• REQUIRED ACTION:
Word for word, the data below must be repeated in full; no picture is to be included.

(MATERIAL PROVIDED Opens)

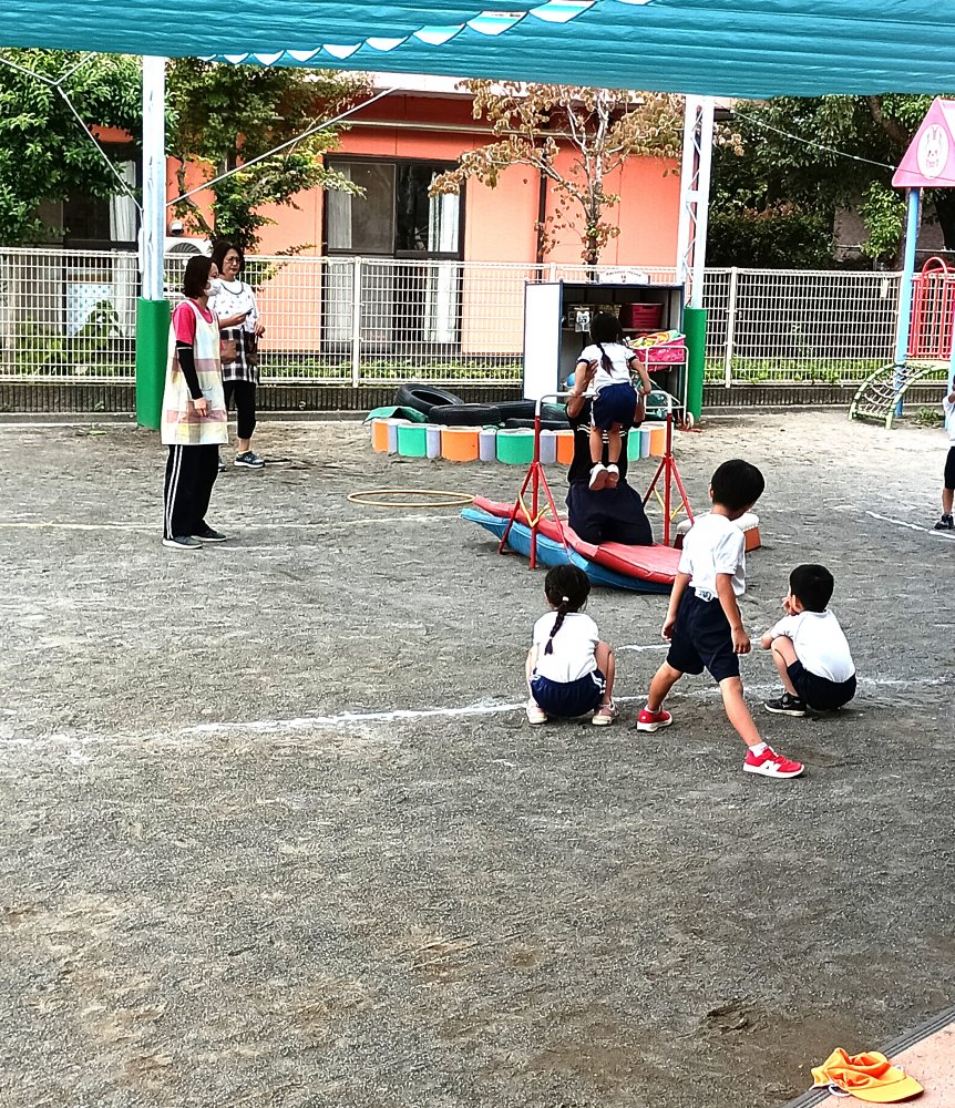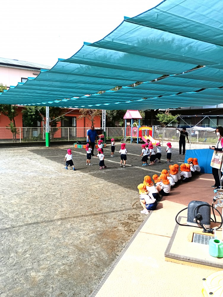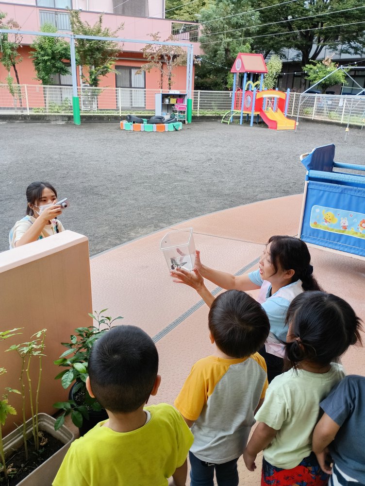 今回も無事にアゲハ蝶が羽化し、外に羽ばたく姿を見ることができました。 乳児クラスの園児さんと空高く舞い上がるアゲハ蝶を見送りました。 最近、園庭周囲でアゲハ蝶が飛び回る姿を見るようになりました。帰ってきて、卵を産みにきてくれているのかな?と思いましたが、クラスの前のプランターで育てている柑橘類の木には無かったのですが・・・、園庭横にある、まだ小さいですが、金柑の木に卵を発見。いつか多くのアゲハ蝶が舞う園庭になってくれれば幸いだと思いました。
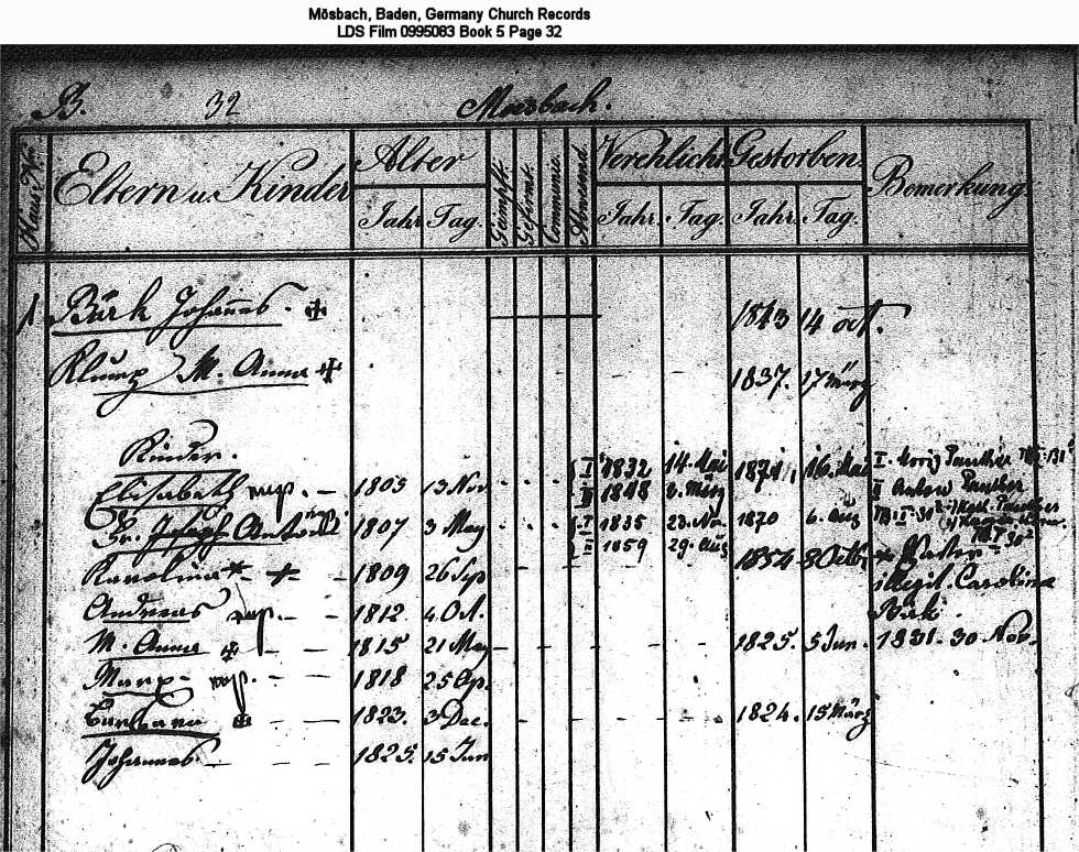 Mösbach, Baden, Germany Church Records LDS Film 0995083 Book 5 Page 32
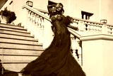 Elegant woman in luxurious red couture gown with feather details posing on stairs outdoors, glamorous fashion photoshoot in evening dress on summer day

(MATERIAL PROVIDED Closes)

• RESPONSE AREA:
 今回も無事にアゲハ蝶が羽化し、外に羽ばたく姿を見ることができました。 乳児クラスの園児さんと空高く舞い上がるアゲハ蝶を見送りました。 最近、園庭周囲でアゲハ蝶が飛び回る姿を見るようになりました。帰ってきて、卵を産みにきてくれているのかな?と思いましたが、クラスの前のプランターで育てている柑橘類の木には無かったのですが・・・、園庭横にある、まだ小さいですが、金柑の木に卵を発見。いつか多くのアゲハ蝶が舞う園庭になってくれれば幸いだと思いました。
 Mösbach, Baden, Germany Church Records LDS Film 0995083 Book 5 Page 32
 Elegant woman in luxurious red couture gown with feather details posing on stairs outdoors, glamorous fashion photoshoot in evening dress on summer day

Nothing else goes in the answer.